TIME Cuba

USAID Denies ‘Cuban Twitter’ Was Meant To Subvert

Rajiv Shah, administrator of the U.S. Agency for International Development testifies before a subcommittee of the Senate Appropriations Committee April 8, 2014 in Washington, DC.
Rajiv Shah, administrator of the U.S. Agency for International Development testifies before a subcommittee of the Senate Appropriations Committee April 8, 2014 in Washington, DC. Win McNamee—Getty Images

The government's international development agency has rebutted claims that the U.S. aimed for the social network ZunZuneo, which failed to nab a massive user base, to spark a revolution in Cuba as administrator Rajiv Shah prepares to be grilled by lawmakers

The administrator of the U.S. Agency for International Development pushed back against reports it created a “Cuban Twitter” to foment revolution in the Communist country at a hearing on Capitol Hill Tuesday.

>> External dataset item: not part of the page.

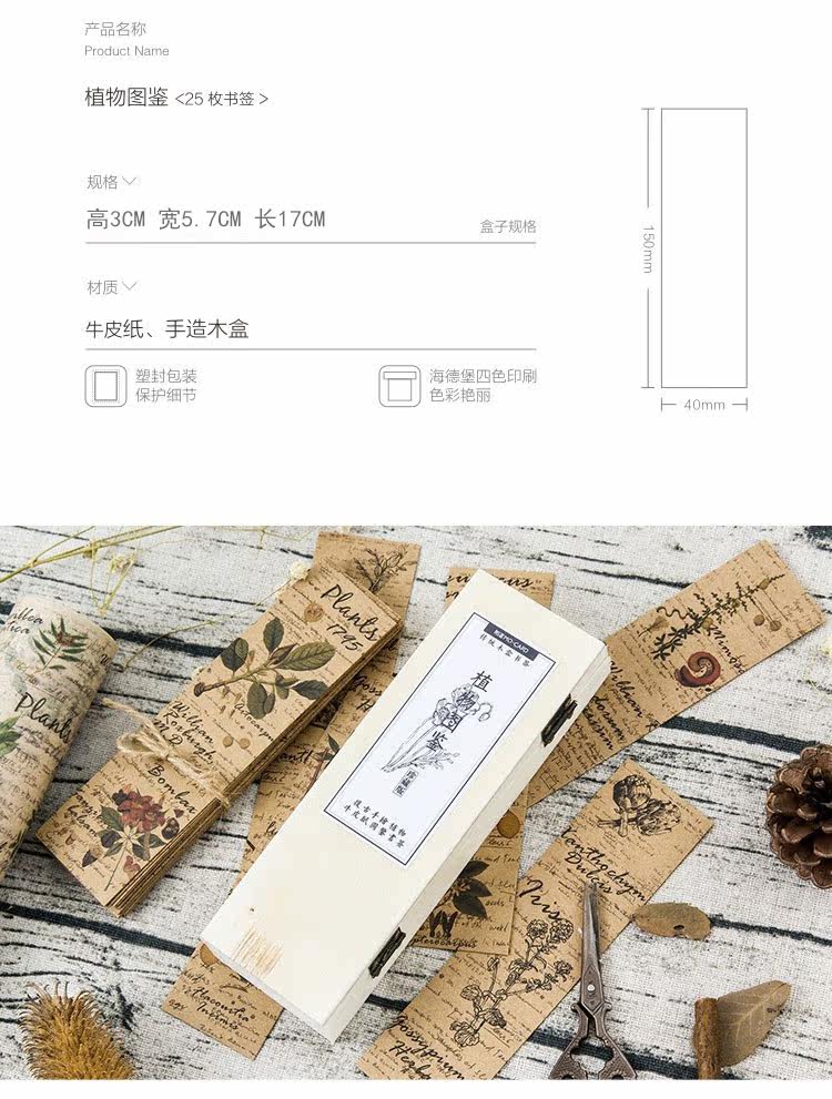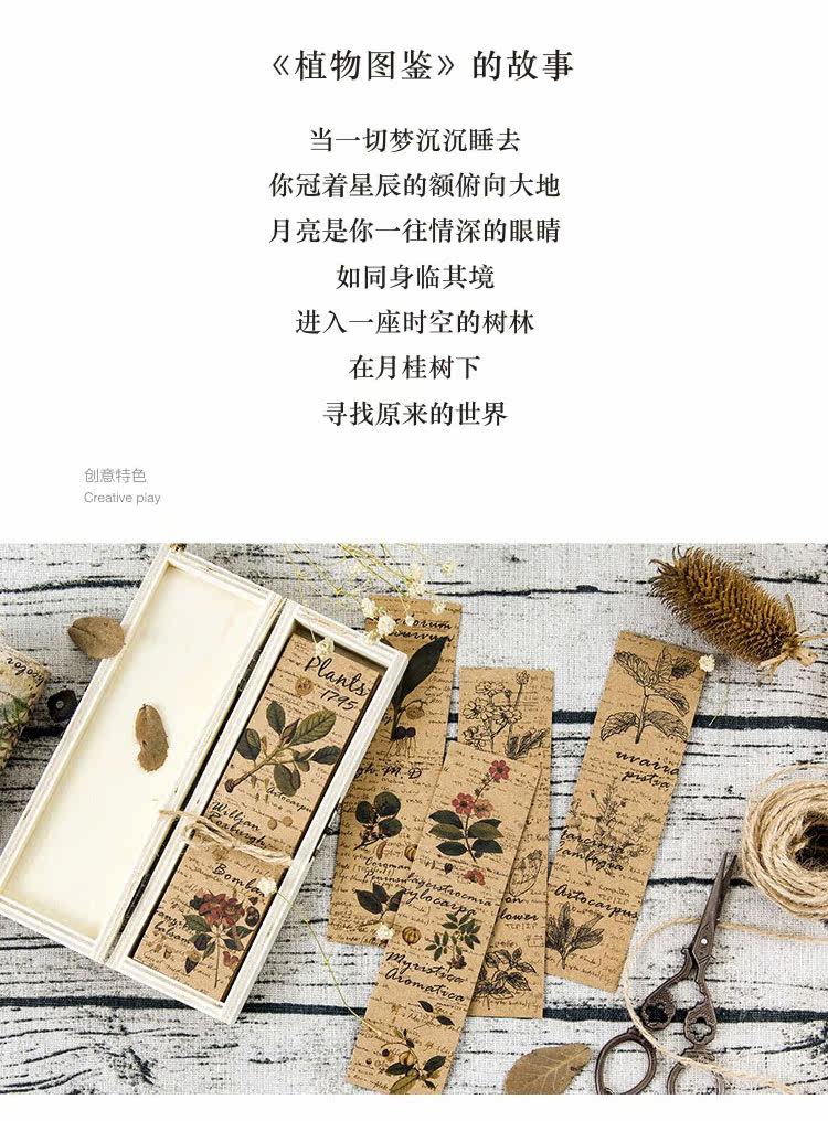 木盒典藏版复古书签 花草集时尚装饰书签 送礼祝福卡片卡纸

Senator Patrick Leahy, chairman of the Senate Appropriations Subcommittee on State, Foreign Operations, and Related Programs, which controls USAID spending, told USAID administrator Rajiv Shah that launching the social network in Cuba had been a “cockamamie idea.”

A recent report by the Associated Press described ZunZuneo, which is slang in Cuba for a hummingbird’s tweet, as a social network designed to “renegotiate the balance of power between the state and society” and incite a “Cuban spring.”

Leahy said the work USAID did in Cuba knowingly put government contractor Alan Gross, who has been imprisoned on the island for four years, in direct danger. He voiced concerns that the project’s discovery will put other USAID workers around the globe at risk.

But Shah, who took the helm in 2009, denied the program’s purpose extended beyond improving communication networks within the country. “Working to improve platforms of communication is a core part of what USAID works to do,” Shah said. “It’s inaccurate that [the program] goes beyond that.”

The government agency had published a blog post ahead of Shah’s testimony, saying that the AP’s story “makes for an interesting read, but it’s not true.” The article went on to rebut eight of the AP’s claims, denying there was any attempt to trigger unrest and saying ZunZuneo was merely an attempt to overcome the “information blockade” in Cuba.

Shah claimed he did not know whose idea it had been to set up the program.